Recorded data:
>>>>

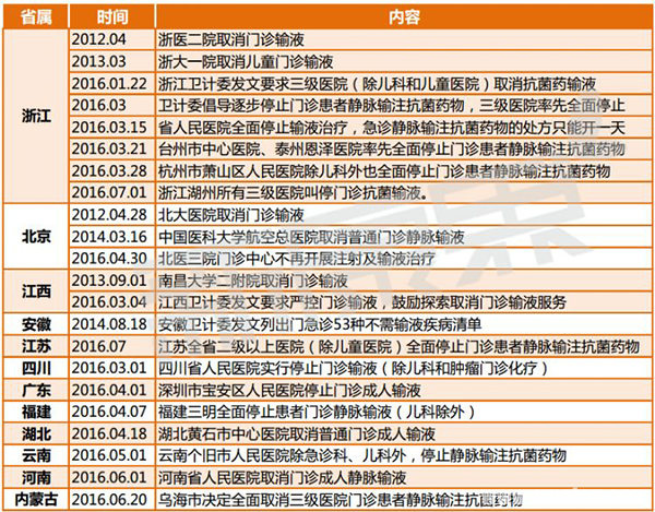 各省禁止输液政策时间表
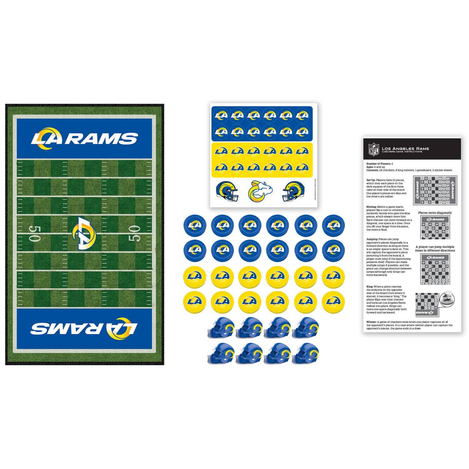 If you're a fan of the Los Angeles Rams, then you're going to love this officially licensed MasterPieces NFL Los Angeles Rams Checkers Board Game. This classic game of checkers is a ton of fun for children and adults ages 6 and up, and it's a great way to show your Los Angeles Rams pride. This checkers game comes with 24 Los Angeles Rams checkers pieces, 8 football helmet king pieces, a 13 inches x 21.375 inches game board, 1 sticker sheet, and an instruction sheet. So get ready to put your skills to the test and crown yourself the checkers champion!
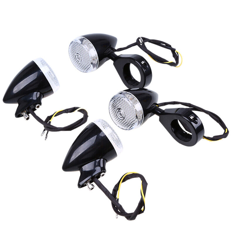 4pcs Motorcycle Led Turn Signal Lights For Harley Indicator Lamps Black Housing 39mm With Front Rear Fork Clamp
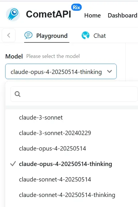 Pembangun boleh mengakses API Claude Sonnet 4 (model: claude-sonnet-4-20250514 ; claude-sonnet-4-20250514-thinking) dan Claude Opus 4 API (model: claude-opus-4-20250514; claude-opus-4-20250514-thinking) dan lain-lain melalui CometAPI. Untuk memulakan, terokai keupayaan model dalam Taman Permainan dan berunding dengan Panduan API untuk arahan terperinci. Sebelum mengakses, sila pastikan anda telah log masuk ke CometAPI dan memperoleh kunci API.
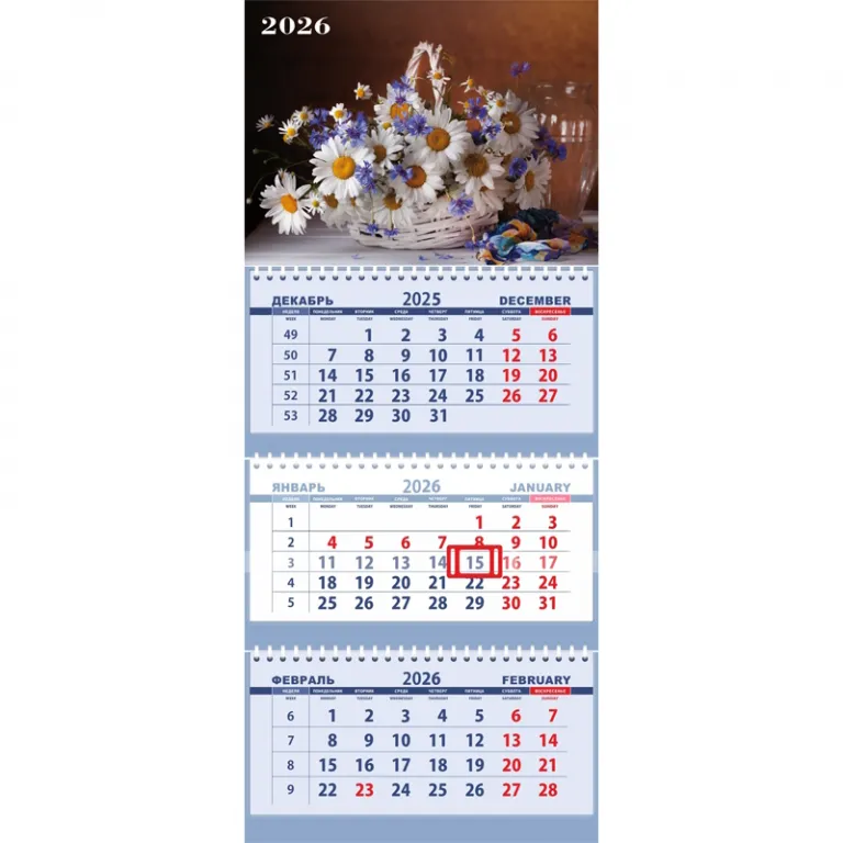 Календарь квартальный на 2026 г «Attomex. Ромашки» (295×700 мм) на 3-х пружинах, складной с курсором, кольцо пикколо, офсет 65 г/м², печать в 2 краски, обложка мелованный
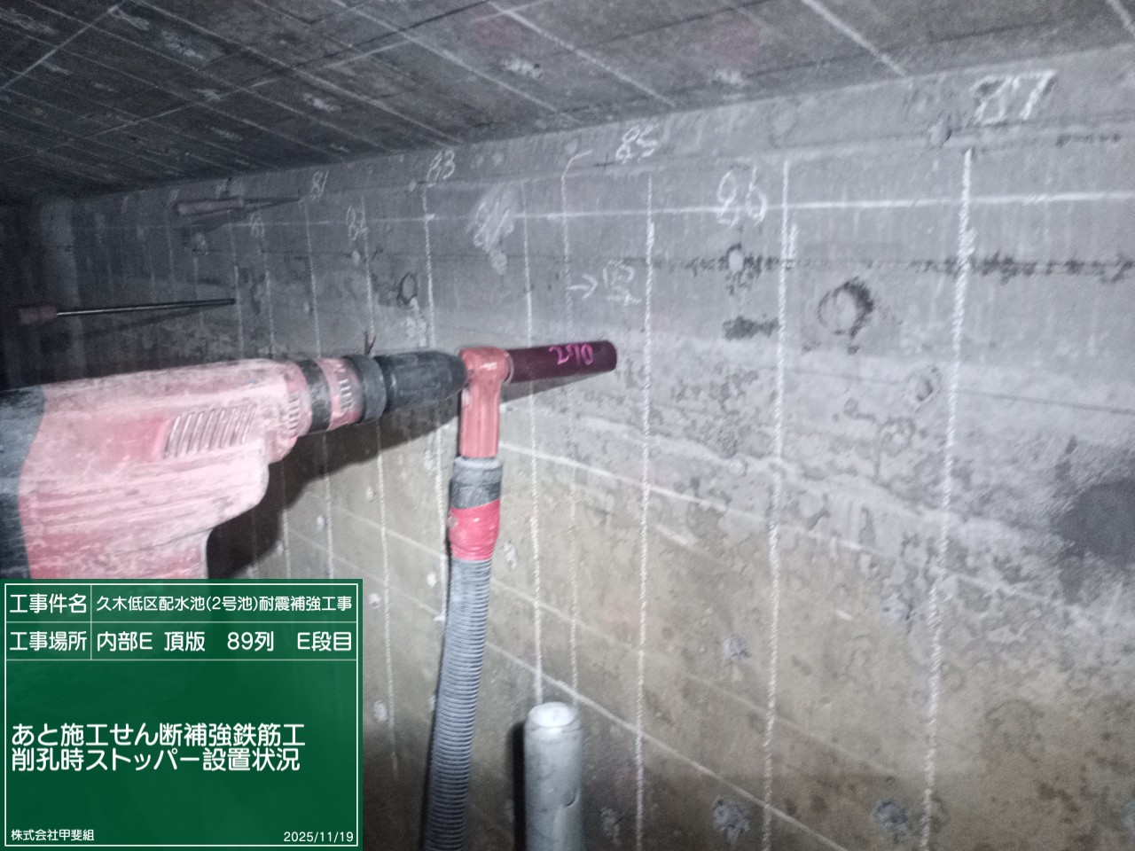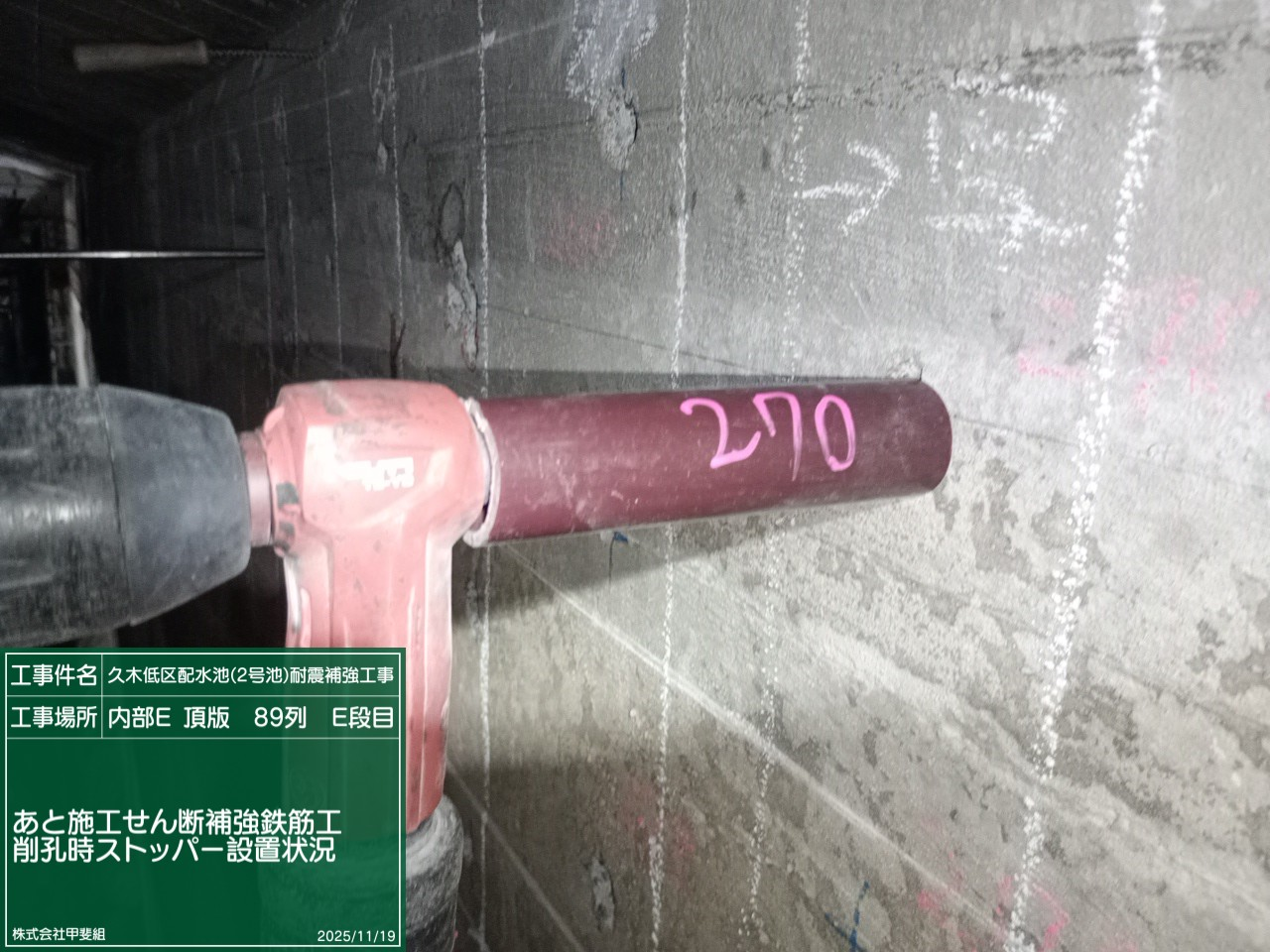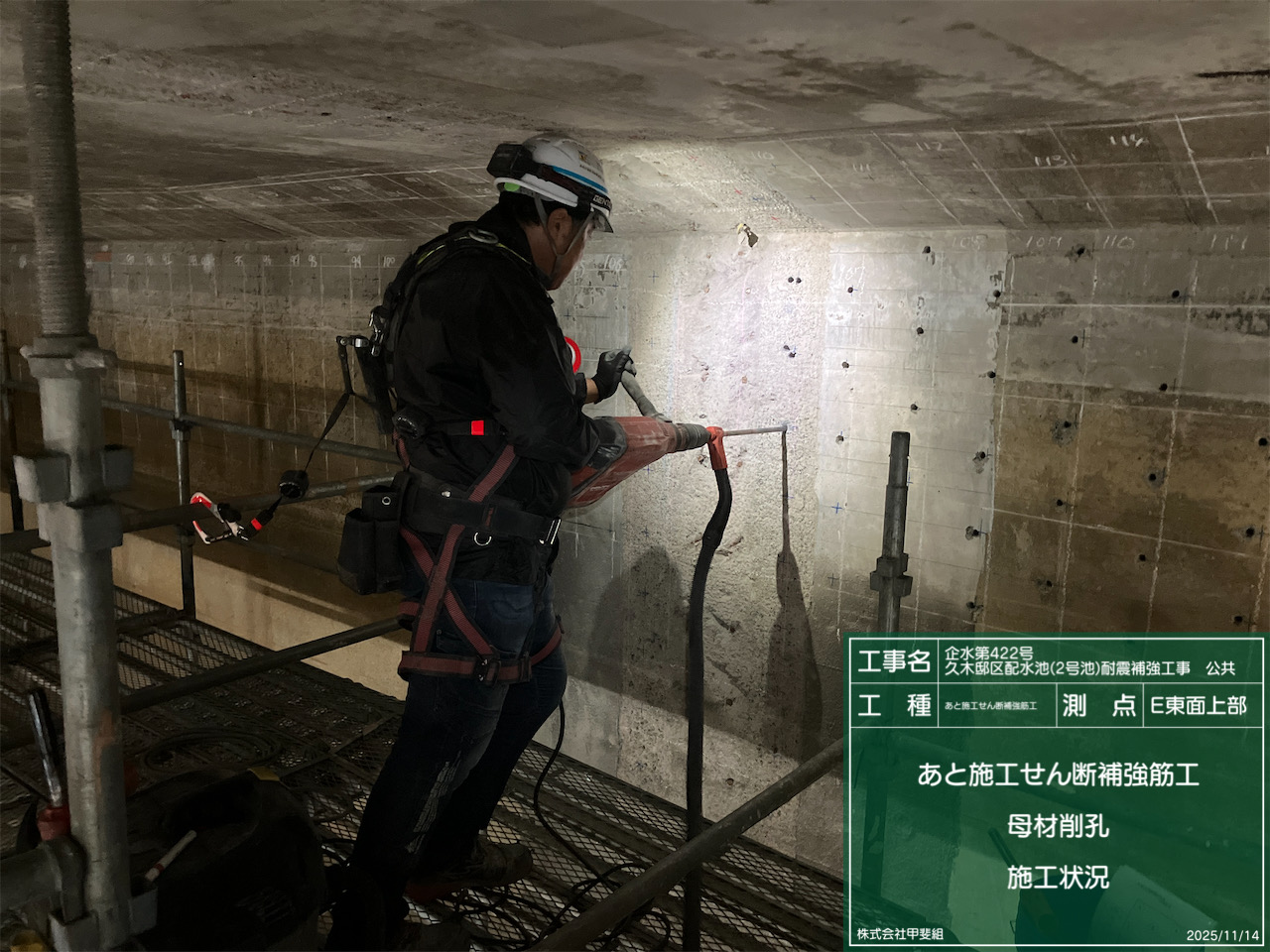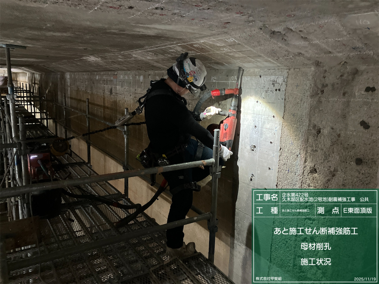 12月に入り、削孔した4000箇所の鉄筋定着工(せん断補強鉄筋挿入)を行う予定です。

<<<<

TASK BRIEF: Set down each of the records precisely, leaving any pictures behind.

EXERCISE OUTPUT:
 各省禁止输液政策时间表
 If you're a fan of the Los Angeles Rams, then you're going to love this officially licensed MasterPieces NFL Los Angeles Rams Checkers Board Game. This classic game of checkers is a ton of fun for children and adults ages 6 and up, and it's a great way to show your Los Angeles Rams pride. This checkers game comes with 24 Los Angeles Rams checkers pieces, 8 football helmet king pieces, a 13 inches x 21.375 inches game board, 1 sticker sheet, and an instruction sheet. So get ready to put your skills to the test and crown yourself the checkers champion!
 4pcs Motorcycle Led Turn Signal Lights For Harley Indicator Lamps Black Housing 39mm With Front Rear Fork Clamp
 Pembangun boleh mengakses API Claude Sonnet 4 (model: claude-sonnet-4-20250514 ; claude-sonnet-4-20250514-thinking) dan Claude Opus 4 API (model: claude-opus-4-20250514; claude-opus-4-20250514-thinking) dan lain-lain melalui CometAPI. Untuk memulakan, terokai keupayaan model dalam Taman Permainan dan berunding dengan Panduan API untuk arahan terperinci. Sebelum mengakses, sila pastikan anda telah log masuk ke CometAPI dan memperoleh kunci API.
 Календарь квартальный на 2026 г «Attomex. Ромашки» (295×700 мм) на 3-х пружинах, складной с курсором, кольцо пикколо, офсет 65 г/м², печать в 2 краски, обложка мелованный
 12月に入り、削孔した4000箇所の鉄筋定着工(せん断補強鉄筋挿入)を行う予定です。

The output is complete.